-- EXERCISE DESCRIPTION --
With the pictures left out, retype exactly the lines below starting at the line that contains "1927 Bryant Gas" and ending at the line that contains "- 【BEYOND GORGEOUS】The".

-- DATA EXCERPT --

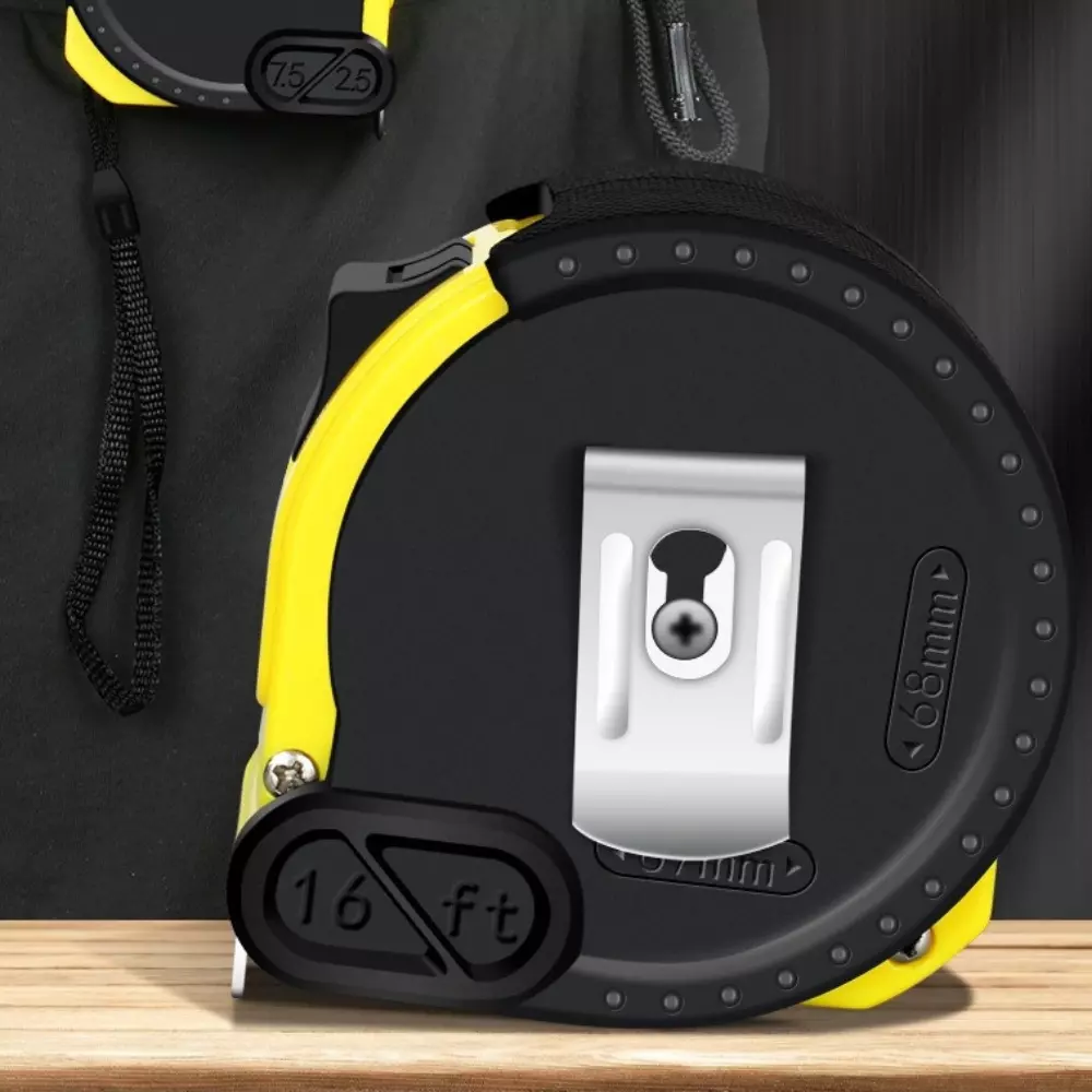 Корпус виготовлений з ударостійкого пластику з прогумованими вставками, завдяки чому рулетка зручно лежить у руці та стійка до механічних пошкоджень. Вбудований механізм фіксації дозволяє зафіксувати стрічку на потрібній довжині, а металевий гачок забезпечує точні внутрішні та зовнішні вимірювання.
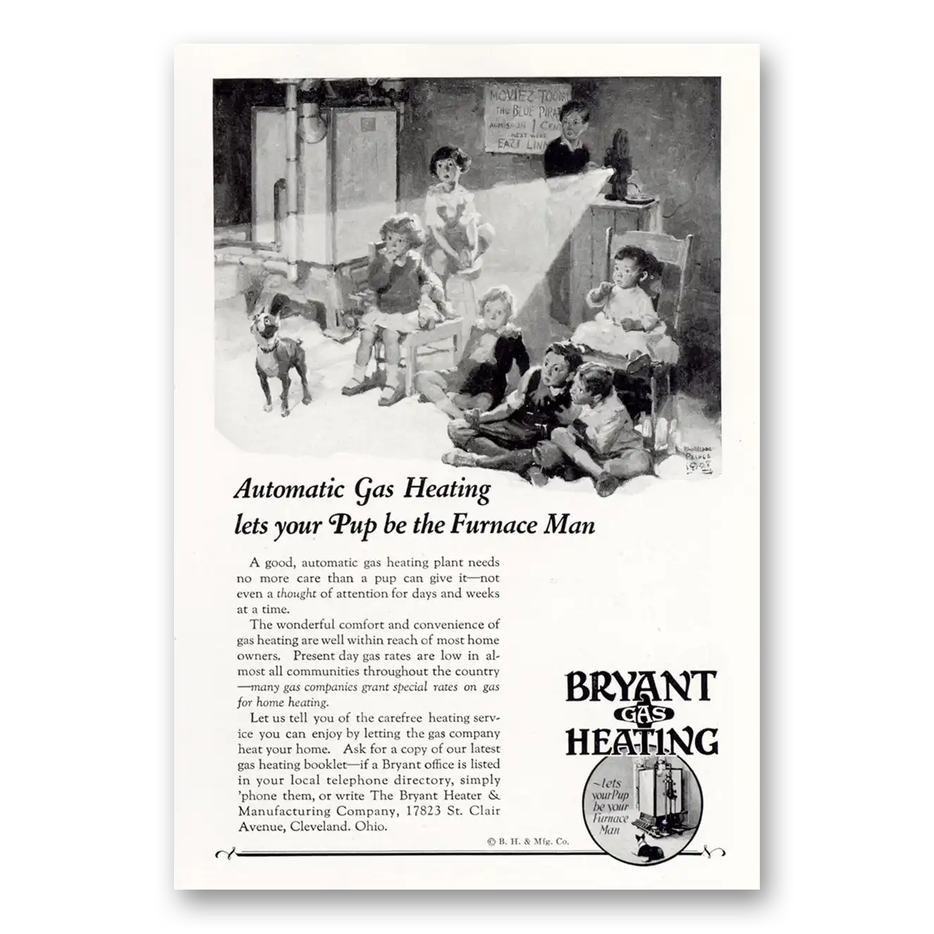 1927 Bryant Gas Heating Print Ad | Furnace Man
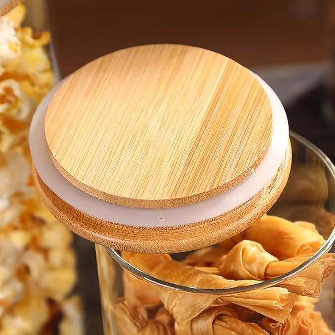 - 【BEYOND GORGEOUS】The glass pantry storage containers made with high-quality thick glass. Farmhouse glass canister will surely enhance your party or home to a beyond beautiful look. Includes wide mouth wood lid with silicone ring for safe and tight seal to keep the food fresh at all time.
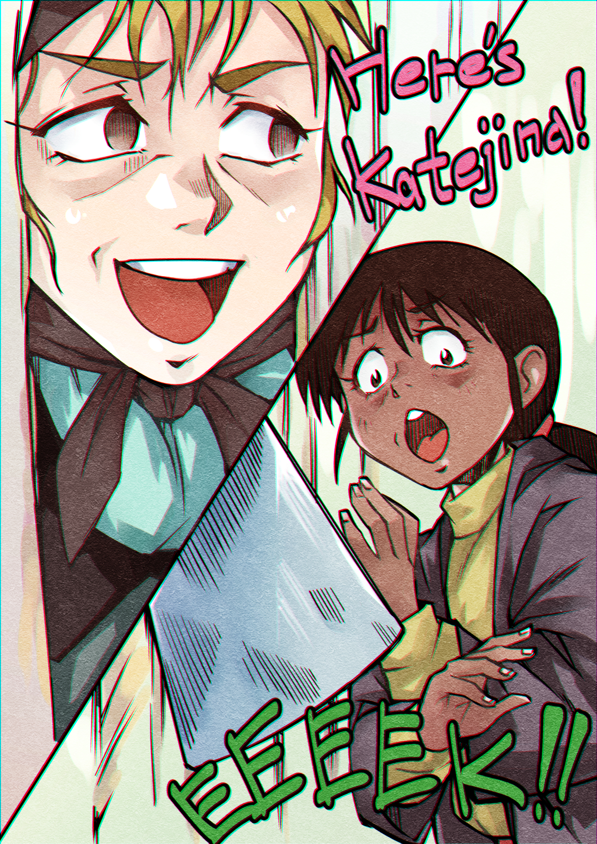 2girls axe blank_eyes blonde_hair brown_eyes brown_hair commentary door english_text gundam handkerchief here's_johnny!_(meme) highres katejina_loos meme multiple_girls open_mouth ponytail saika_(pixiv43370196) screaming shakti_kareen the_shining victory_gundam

-- ANSWER BOX --
 1927 Bryant Gas Heating Print Ad | Furnace Man
 - 【BEYOND GORGEOUS】The glass pantry storage containers made with high-quality thick glass. Farmhouse glass canister will surely enhance your party or home to a beyond beautiful look. Includes wide mouth wood lid with silicone ring for safe and tight seal to keep the food fresh at all time.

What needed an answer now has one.